::: Source material :::

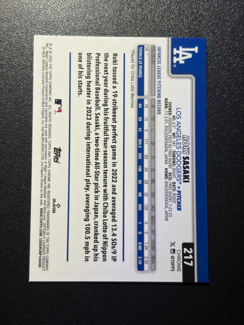 佐々木朗希 2025 Topps Chrome #217 Roki Sasaki Topps ドジャース MLB カード RC ルーキーカード
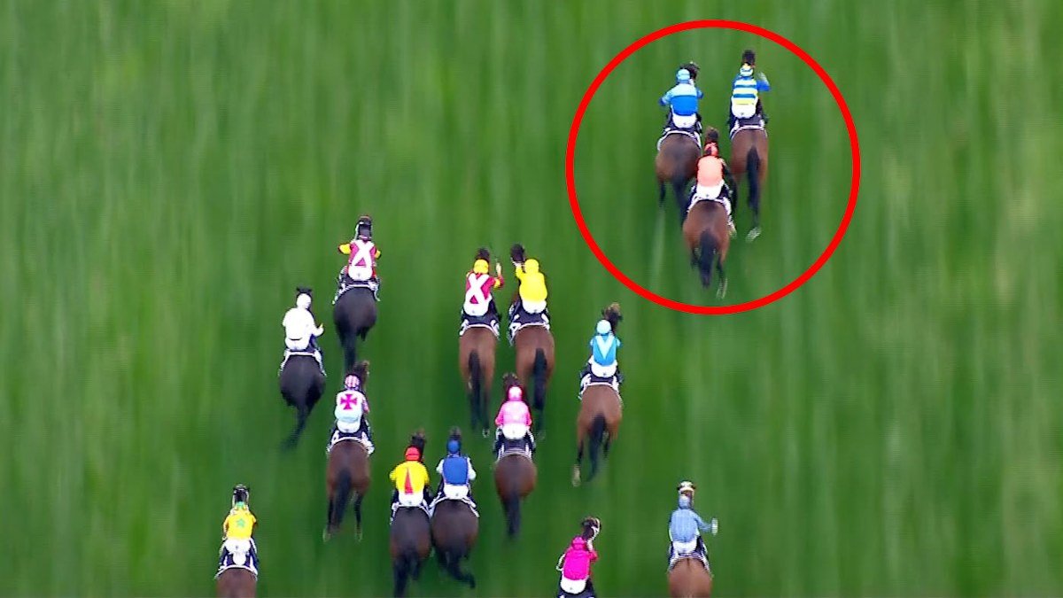“Definitivamente hubo una carrera allí”, dijo el experto en carreras David Gately, evaluando las imágenes de Nine mientras los comisionados trabajaban en las protestas.
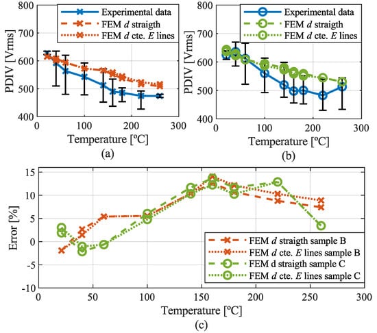 Finally, Y. Kemari et al. [73] proposed a different method for estimation. In a similar way to [70], the electric field lines and scalar potential were computed using FEM. Then, the results were integrated into self-developed software to predict the PDIV using Townsend’s theory in a range of from to . The was interpolated for the defined experimentally PDIV. This way, was proposed for the PI (Poly-imide). In this case, the dependency on the temperature was also studied, showing an increasing tendency, contrary to [70], but with a negligible variation. Moreover, using approximated at 20 C for temperatures up to 200 C to predict the PDIV did not lead to an appreciable difference, which is in agreement with [70].
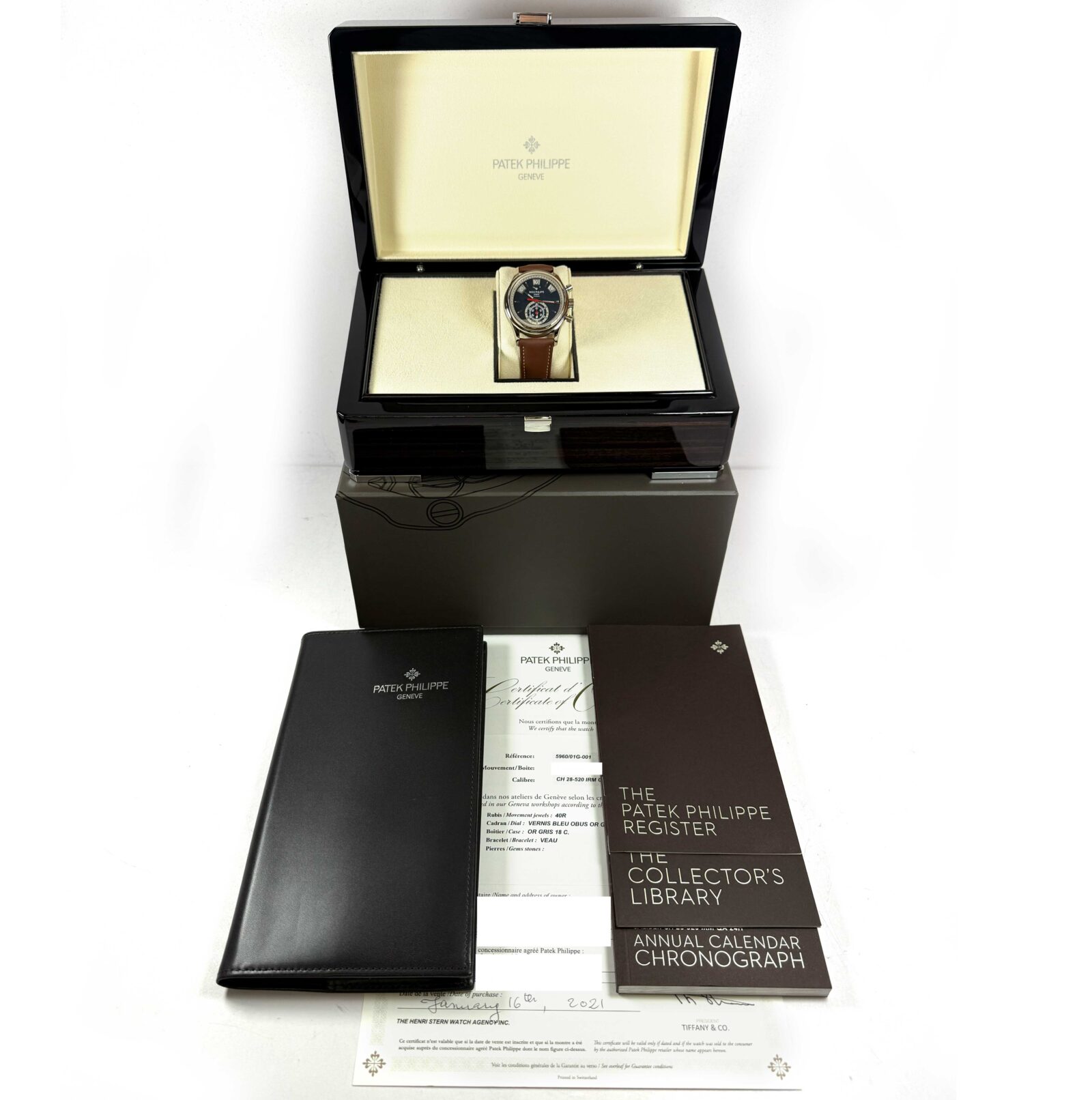 This Patek Philippe watch is new and comes with its box, booklets, and warranty paper dated January 16th, 2021 as shown in the pictures attached. This watch is in stock and available to ship immediately!
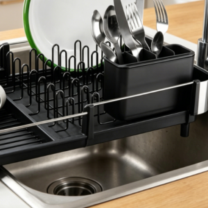 Expandable In-Sink Dish Rack (Includes Cutlery Caddy) – Space-Saving Design (Black)
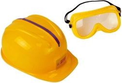 Жълтата каска и прозрачните очила осигуряват симулация на защита за безопасна и реалистична игра.

:::

» What you will do
Before answering, find the line with "en las protestas." in the records above; then reproduce exactly each line from the first through that line, leaving out pictures.

» Response below
 佐々木朗希 2025 Topps Chrome #217 Roki Sasaki Topps ドジャース MLB カード RC ルーキーカード
“Definitivamente hubo una carrera allí”, dijo el experto en carreras David Gately, evaluando las imágenes de Nine mientras los comisionados trabajaban en las protestas.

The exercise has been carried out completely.